Culinary Crush




Cooking Up Some Love


By Angela Blue

Cooking is like love; it should be entered into with abandon or not at all.
-Harriet Van Horne

I consider myself to be sort of a MacGyver chef. Nearly every food I prepare requires some sort of last minute adjusting, covering up or reconstructing but I’m pretty resourceful, and I’m not one to give up easily. Last year for my boyfriend’s birthday, when I attempted Martha Stewart’s 36-layer crepe with homemade hazelnut filling in between each layer, I barely cried when the whole thing toppled over. I simply stood it back up, dumped it in a bowl and froze it overnight. Voila! Hazelnut ice cream, anyone?

A few weeks ago, I was offered the opportunity to take a Casual Gourmet class at the Culinary Institute in Norfolk. Since I’d never had any formal training in the kitchen besides watching my mother cook (who will always be the top chef in my book), I jumped at the chance. The class was titled Cooking for Singles, and although I’m not a single, I was eager to learn some new techniques to use in the kitchen while preparing a Valentine’s dinner for my now fiancé all by myself.

When I arrived at the institute and found my way to the class, I was able to score a spot right up front near Executive Chef Austin Wadsworth. He began by introducing himself, then having each student do the same. It was a small class, approximately nine students and at least four other chefs to assist. After we all told our names and occupations, Wadsworth noted the different stations set up around the room where we would all take turns learning to prepare potstickers, stir-fry, miso soup and my personal favorite: sushi.

For me, sushi is one of the most amazing foods created. First of all, it’s an art. The way it’s arranged on a platter, the various colors, shapes, textures and overall appearance is just as important as the way it tastes. And, oh, the taste! There’s the spongy consistency of the rice mixed with the smooth flavor of fish along with a crispy bite of cucumber that makes it a sensation for the senses.

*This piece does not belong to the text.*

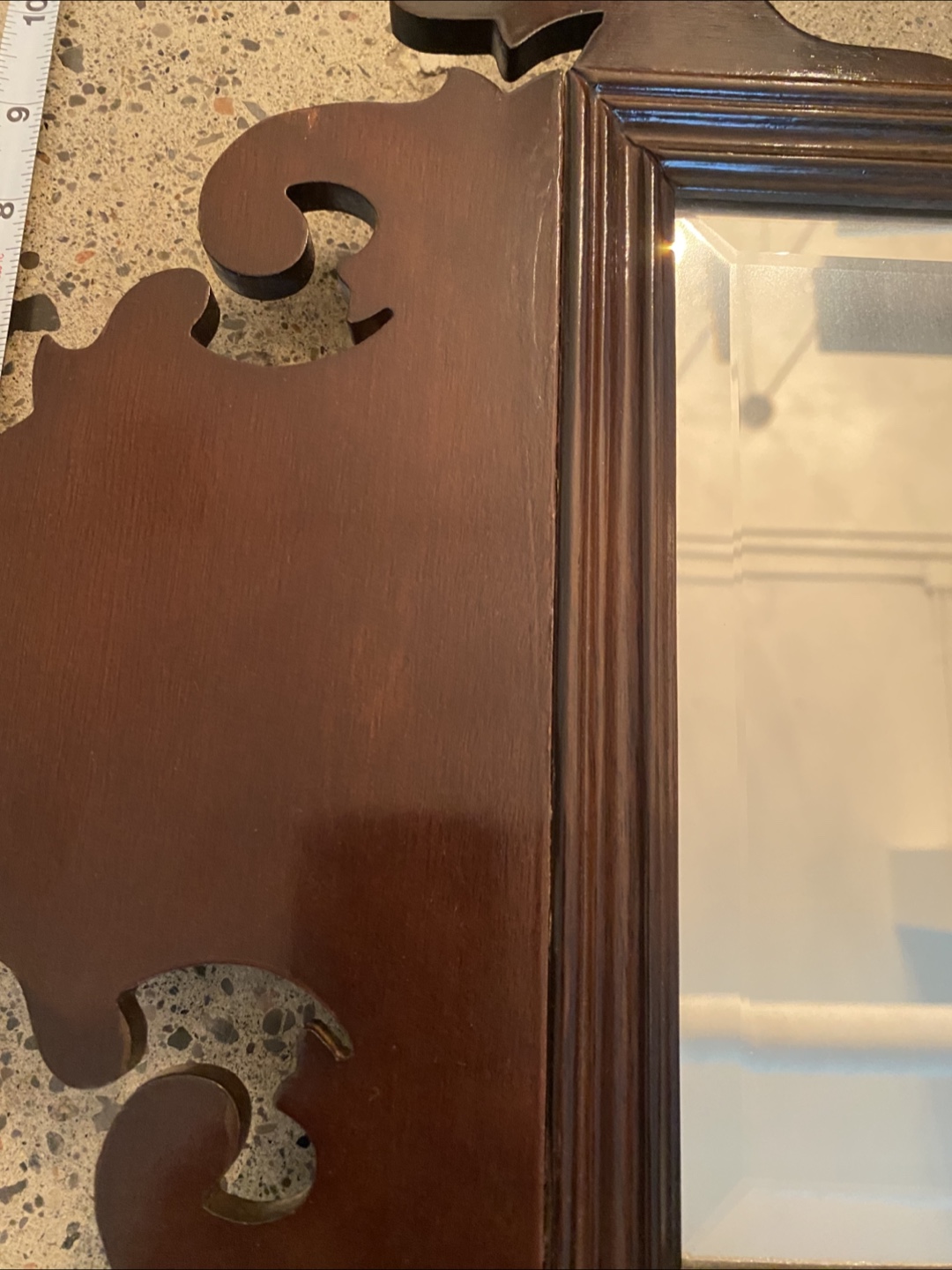 In good shape but not perfect. See the unevenness of the finish in one of the photos.

As much as I love to indulge in sushi (and do so quite often), it’s something I never would have attempted to make on my own. Sure, I’ve bought a step-by-step instructional DVD and bamboo mat along with a fancy set of chopsticks, but it’s just one of those things I could imagine myself doing but never followed through with, much like joining roller derby or learning to speak French.

Since I was so enthusiastic to learn this seemingly unattainable skill, I began the class at the sushi station. Wadsworth instructed us how to make sushi rolled inside the nori as well as inside out sushi. All of the fillings had been cut and prepared, and there were many to choose from including tuna, salmon, avocado, carrot, cucumber, cream cheese, scallions and asparagus. Once we spread the rice on the nori and placed our favorite fillings on top, Wadsworth showed us the most important step: how to roll. Of course he made it look effortless—my roll didn’t turn out so pretty, but I think it’s because I got overly excited at all the choices of filling that I tried to put too much. However, the chefs were very helpful and patient, offering advice without making the students feel naive. My sushi roll was even salvaged with a bit of “MacGyvering” from one of the chefs who took some of the stuffing out and filled in some places where I’d forgotten to put rice.

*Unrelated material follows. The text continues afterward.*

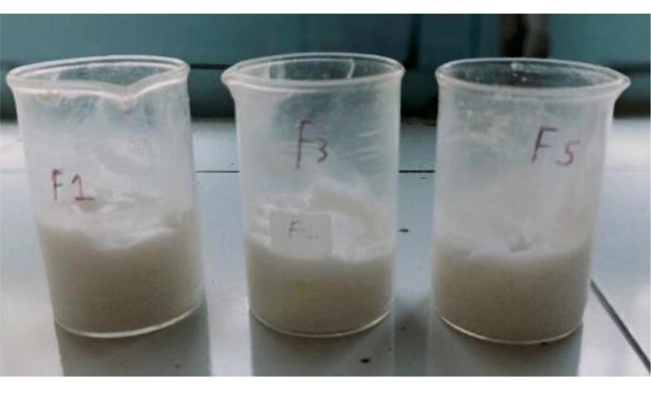Fig No. 7. Formulations F1, F3, and F5 contain okra mucilage [pure form] and rice extract

After mastering (or at least attempting) the art of sushi, every other station seemed like a breeze, and the friendly chefs were eager to instruct and assist at each one. I had the assumption that since I was a novice, I might feel out of place or unworthy to be in a kitchen alongside these trained professionals, but it was quite the opposite. For them, cooking isn’t just a career—it’s a passion.

Chef Wadsworth explained that when we cook something, we cook it with love. “What you love to eat is what you cook,” he said. “You cook with the people that you love.” These words from the chef enticed me to ask my fiancé to join me in the kitchen so we could make our Valentine’s meal together. We uncorked a bottle of wine, put on some music and prepared one of the best meals I’ve ever had. We didn’t attempt the sushi, although now I’m not afraid to, thanks to the chefs at the Culinary Institute. I learned that cooking together is an intimate experience that’s almost as much fun as eating. And just like love, you’re bound to make mistakes but as long as the flame is still burning, there’s a chance to create something wonderful.